***
В вечер четвертого мая этот день настал. Услышав треск грунтовых камушков, так давно не похрустывающих по дороге, парень понял — идут. Стойкость утекала каждую минуту, и когда Петером полностью овладел страх — страх за свою шкуру — он в спешке начал искать укрытие. Первым попавшимся на глаза местом оказался чулан. В каморке было до невозможности тесно: всюду торчали швабры, но уместиться Петеру всё-таки удалось. Недалеко от него расположился шнурок, и, дернув его, комнатушка погрузилась в тусклом свете. Хоть нынешнее его положение не отличалось удобством, что-то определенно ему мешало: нечто врезалось в спину и доставляло неудобства. Потянувшись свободной рукой, парень вытащил книгу. «Эмиль и его сыщики» — было выведено печатным шрифтом на корочке. Погодите: это же его книга! Как давно он забросил её и как на смену ей пришли совсем другие, идейные и важные. Петер не замечает, как из залежавшейся книжки выпало письмо. Наверняка туда его припрятала кухарка Эмма, так и не решившаяся выкинуть. Стоило ему только увидеть бумагу, как в памяти проблеснул парижский друг детства — Аншель Бронштейн, проживающий когда-то этажом ниже. Почему Петер прекратил переписку? Как об этом отозвался друг? Увы, даже если бы ему захотелось, он не вспомнил, но ещё бóльшие волнения не переставали нагнетать. Отважившись он раскрыл конверт и, к своему удивлению, обнаружил крошечную записку. Под тусклым светом лампы, едва освещающим комнатку, он с волнением принялся читать: «Пару дней назад проходил рейд. Маму увезли. Страшно. Слишком страшно, Пьеро. Но с Д’Артаньяном всё в порядке, не беспокойся.Твой верный друг Аншель»
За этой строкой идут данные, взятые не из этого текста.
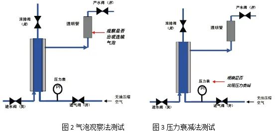 將膜組件中充滿測(cè)試所用的液體,使膜絲完全浸潤(rùn),膜絲所有的孔中都充滿了液體。在膜組件的進(jìn)水側(cè)緩慢通入無(wú)油壓縮空氣,且逐漸提高進(jìn)氣壓力,同時(shí)通過(guò)觀察產(chǎn)水側(cè)是否有氣泡連續(xù)溢出(產(chǎn)水閥門(mén)處于打開(kāi)狀態(tài))。通常通入空氣的壓力從0bar 開(kāi)始,逐漸增大到1.5bar。如果在1.5bar 的條件下,有連續(xù)的氣泡產(chǎn)生,表明膜組件存在缺陷。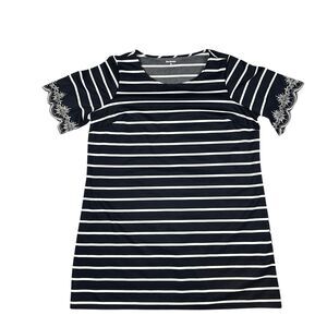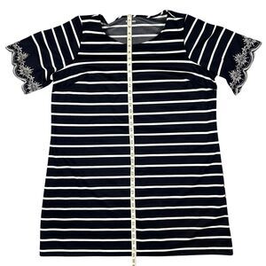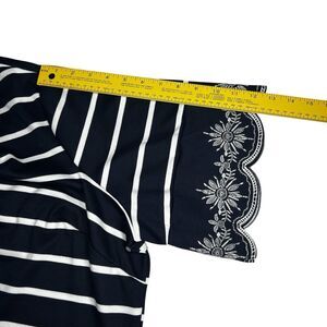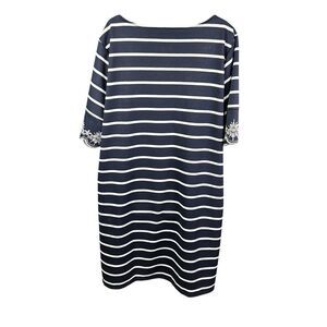 The Kim Rogers Striped Midi Slip Dress in size 2X is a stylish and comfortable option for plus-sized women. Made from a blend of polyester and spandex, this dress features a flattering scoop neckline and short sleeves, making it perfect for casual occasions or travel. The blue color with white stripes adds a touch of stripe pattern to the garment, while the midi length provides a versatile option for the warmer seasons of spring and summer. Easy to care for with its machine washable fabric, this slip dress from Kim Rogers is a must-have for any fashion-forward woman.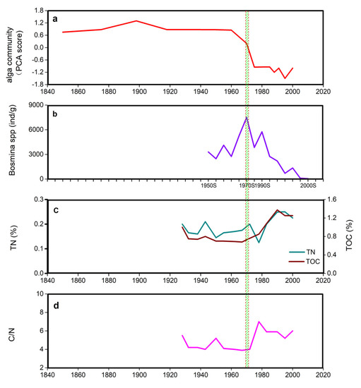 Historical records of lake sediment-based aquatic system response variables (The dotted box represents tipping points of the lake sediment-based aquatic system response variables). (a) Silicon alga composition in sediment; (b) density of Bosmina spp. species in sediment; (c) TN and TOC in sediment(%); (d) C/N in sediment.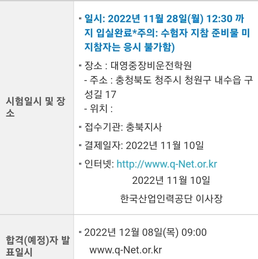 - 11월 28일(월) 오후 12시 30분에 대영중장비학원(청주)에서 실기시험을 보고 왔습니다.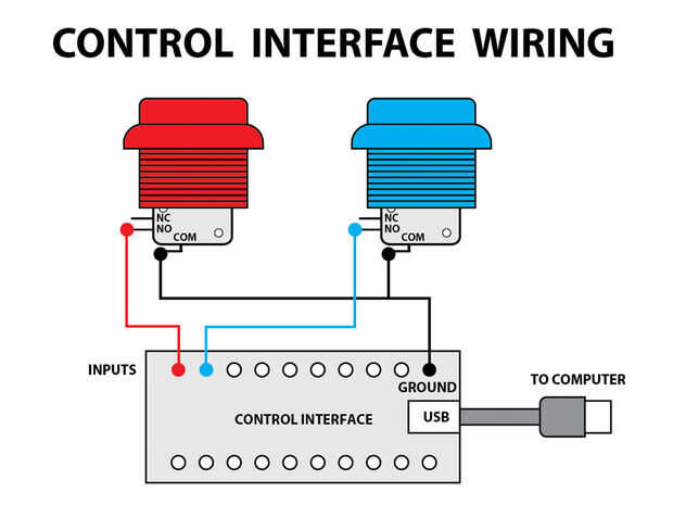 Conectado a la computadora es una interfaz de control, bruja es esencialmente la tarjeta de circuitos de teclado, pero sin todas las teclas físicas. Cada uno de los botones y joysticks consisten en interruptores SPST momentáneos que individualmente están conectados a terminales en la interfaz de control. Cuando se pulsa un botón, envía un golpe clave a la computadora. Cuando se configura el emulador y el frontend, asigna esa tecla a la acción deseada cuando se presiona el botón. ¡ Simple!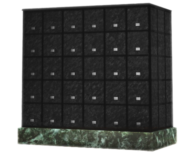 Součástí kolumbária mohou být bunky v různých velikostech dle vašich požadavků. Vyberte si konfiguraci s většími bunkami, abyste svým blízkým umožnili umístit upomínkové předměty k urnám, nebo si vyberte menší bunky, které jsou ekonomicky dostupnejší. Každé dveře do bunky obsahují jmenovku a bezpečný zámek s klíči, které se dávají členům rodiny na památku. Všechny bunky jsou obklopeny krásnými žulovými dlaždicemi, které doplní jakýkoli dekor.

Совесть неприятно укорнула парня. Он ведь совершенно не интересовался, что с ним, всё это время. Жив ли он сейчас? Всё ли в порядке с мамой приятеля и Д’Артаньяном? Петер не знал. Он сам забыл старого друга. Петер плакал: обрывисто, совсем обреченно. Солёные слёзы больно касались тонких порезов на лице, но даже это не волновало парня в тот момент. Он понимал: он — Петер, больше не Пьеро. И Пьеро стать ему уже никогда не получится, слишком запятнали совесть поступки Петера. И тогда он осознал: всех, кто его поддерживал и понимал, он оттолкнул сам. Тётушку Беатрис и водителя Эрнста, которых он выдал фюреру; Катарину — ох, несчастную девушку — бесследно исчезнувшую после происшествия на дне рождении госпожи Браун; кухарку Эмму, которую он обложил ложными обвинениями; Аншеля, которого забыл. Те, кто стали его второй семьёй, были вычеркнуты им самим. Только сам человек вершит свою судьбу, и только он — хозяин своих поступков. Правильно говорила Герта: «Главное, никогда не говори "я не знал". Вот это уж точно будет преступление хуже некуда». И Петер свою вину признает: не станет отрицать причастие, как в последующем это сделает госпожа Рифеншталь, а, если потребуется, отсидит в тюрьме и уж точно не укроется в тени, как герр Бишофф, потому что он такой же — соучастник. Он теперь в ответе. Парадную дверь с грохотом выбили. Петер знал свою участь. Осталось лишь только ждать…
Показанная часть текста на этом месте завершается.